What you will do
The entries below contain a stretch that opens with the line containing "En aquest plànol" and closes with the line containing "個人でセントジョン島へ行くの"; set down that stretch exactly, both ends included, and nothing else.

Records from a dataset:
=== Section Start ===
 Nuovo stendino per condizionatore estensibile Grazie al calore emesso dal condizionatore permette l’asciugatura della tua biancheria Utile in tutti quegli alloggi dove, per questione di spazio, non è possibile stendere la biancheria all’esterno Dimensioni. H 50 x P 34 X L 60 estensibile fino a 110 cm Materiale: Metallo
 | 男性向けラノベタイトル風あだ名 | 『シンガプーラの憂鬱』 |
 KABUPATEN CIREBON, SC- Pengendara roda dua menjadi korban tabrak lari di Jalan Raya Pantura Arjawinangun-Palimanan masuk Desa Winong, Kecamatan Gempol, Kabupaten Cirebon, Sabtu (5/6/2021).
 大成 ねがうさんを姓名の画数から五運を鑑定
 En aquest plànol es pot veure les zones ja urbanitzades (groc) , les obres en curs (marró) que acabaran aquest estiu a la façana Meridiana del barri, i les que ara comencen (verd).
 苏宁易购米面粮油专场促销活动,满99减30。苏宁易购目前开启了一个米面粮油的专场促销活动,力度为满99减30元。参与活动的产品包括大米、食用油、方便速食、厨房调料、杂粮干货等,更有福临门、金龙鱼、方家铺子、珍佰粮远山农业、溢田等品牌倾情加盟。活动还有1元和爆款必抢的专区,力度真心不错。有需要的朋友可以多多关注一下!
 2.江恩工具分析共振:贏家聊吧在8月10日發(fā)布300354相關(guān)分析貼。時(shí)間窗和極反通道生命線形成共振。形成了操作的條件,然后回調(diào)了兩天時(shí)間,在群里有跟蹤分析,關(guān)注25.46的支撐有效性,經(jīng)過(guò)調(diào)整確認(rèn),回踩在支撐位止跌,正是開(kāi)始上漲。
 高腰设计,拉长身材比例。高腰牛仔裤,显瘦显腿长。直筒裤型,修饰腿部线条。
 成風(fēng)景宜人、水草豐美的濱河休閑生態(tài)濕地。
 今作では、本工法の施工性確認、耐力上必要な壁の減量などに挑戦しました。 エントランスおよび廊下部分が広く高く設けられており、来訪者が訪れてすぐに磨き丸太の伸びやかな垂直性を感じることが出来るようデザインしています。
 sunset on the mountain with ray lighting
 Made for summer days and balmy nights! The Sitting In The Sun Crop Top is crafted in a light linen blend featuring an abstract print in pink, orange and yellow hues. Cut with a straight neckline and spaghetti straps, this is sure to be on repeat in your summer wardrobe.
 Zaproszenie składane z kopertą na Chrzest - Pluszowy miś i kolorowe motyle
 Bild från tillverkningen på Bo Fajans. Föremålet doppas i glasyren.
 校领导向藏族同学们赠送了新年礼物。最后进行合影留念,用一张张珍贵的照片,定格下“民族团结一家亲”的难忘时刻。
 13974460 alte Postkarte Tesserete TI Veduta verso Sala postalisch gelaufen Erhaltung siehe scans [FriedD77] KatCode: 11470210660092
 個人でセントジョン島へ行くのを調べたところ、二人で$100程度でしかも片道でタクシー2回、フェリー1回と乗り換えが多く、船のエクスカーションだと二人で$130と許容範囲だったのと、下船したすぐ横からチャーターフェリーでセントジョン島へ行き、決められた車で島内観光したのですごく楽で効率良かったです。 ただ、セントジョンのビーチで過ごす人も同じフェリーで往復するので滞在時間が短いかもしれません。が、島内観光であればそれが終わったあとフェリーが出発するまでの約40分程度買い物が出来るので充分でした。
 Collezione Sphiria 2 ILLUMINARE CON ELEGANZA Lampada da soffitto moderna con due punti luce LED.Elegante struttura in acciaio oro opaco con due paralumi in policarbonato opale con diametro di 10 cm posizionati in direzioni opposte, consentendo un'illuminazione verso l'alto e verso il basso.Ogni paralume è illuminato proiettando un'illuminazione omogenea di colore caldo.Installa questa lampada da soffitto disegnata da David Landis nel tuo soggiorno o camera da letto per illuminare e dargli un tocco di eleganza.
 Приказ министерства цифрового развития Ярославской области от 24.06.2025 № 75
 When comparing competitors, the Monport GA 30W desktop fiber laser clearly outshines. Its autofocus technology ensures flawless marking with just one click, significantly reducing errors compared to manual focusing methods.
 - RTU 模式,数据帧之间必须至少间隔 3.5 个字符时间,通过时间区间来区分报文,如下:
=== Section End ===
Reply to the exercise
 En aquest plànol es pot veure les zones ja urbanitzades (groc) , les obres en curs (marró) que acabaran aquest estiu a la façana Meridiana del barri, i les que ara comencen (verd).
 苏宁易购米面粮油专场促销活动,满99减30。苏宁易购目前开启了一个米面粮油的专场促销活动,力度为满99减30元。参与活动的产品包括大米、食用油、方便速食、厨房调料、杂粮干货等,更有福临门、金龙鱼、方家铺子、珍佰粮远山农业、溢田等品牌倾情加盟。活动还有1元和爆款必抢的专区,力度真心不错。有需要的朋友可以多多关注一下!
 2.江恩工具分析共振:贏家聊吧在8月10日發(fā)布300354相關(guān)分析貼。時(shí)間窗和極反通道生命線形成共振。形成了操作的條件,然后回調(diào)了兩天時(shí)間,在群里有跟蹤分析,關(guān)注25.46的支撐有效性,經(jīng)過(guò)調(diào)整確認(rèn),回踩在支撐位止跌,正是開(kāi)始上漲。
 高腰设计,拉长身材比例。高腰牛仔裤,显瘦显腿长。直筒裤型,修饰腿部线条。
 成風(fēng)景宜人、水草豐美的濱河休閑生態(tài)濕地。
 今作では、本工法の施工性確認、耐力上必要な壁の減量などに挑戦しました。 エントランスおよび廊下部分が広く高く設けられており、来訪者が訪れてすぐに磨き丸太の伸びやかな垂直性を感じることが出来るようデザインしています。
 sunset on the mountain with ray lighting
 Made for summer days and balmy nights! The Sitting In The Sun Crop Top is crafted in a light linen blend featuring an abstract print in pink, orange and yellow hues. Cut with a straight neckline and spaghetti straps, this is sure to be on repeat in your summer wardrobe.
 Zaproszenie składane z kopertą na Chrzest - Pluszowy miś i kolorowe motyle
 Bild från tillverkningen på Bo Fajans. Föremålet doppas i glasyren.
 校领导向藏族同学们赠送了新年礼物。最后进行合影留念,用一张张珍贵的照片,定格下“民族团结一家亲”的难忘时刻。
 13974460 alte Postkarte Tesserete TI Veduta verso Sala postalisch gelaufen Erhaltung siehe scans [FriedD77] KatCode: 11470210660092
 個人でセントジョン島へ行くのを調べたところ、二人で$100程度でしかも片道でタクシー2回、フェリー1回と乗り換えが多く、船のエクスカーションだと二人で$130と許容範囲だったのと、下船したすぐ横からチャーターフェリーでセントジョン島へ行き、決められた車で島内観光したのですごく楽で効率良かったです。 ただ、セントジョンのビーチで過ごす人も同じフェリーで往復するので滞在時間が短いかもしれません。が、島内観光であればそれが終わったあとフェリーが出発するまでの約40分程度買い物が出来るので充分でした。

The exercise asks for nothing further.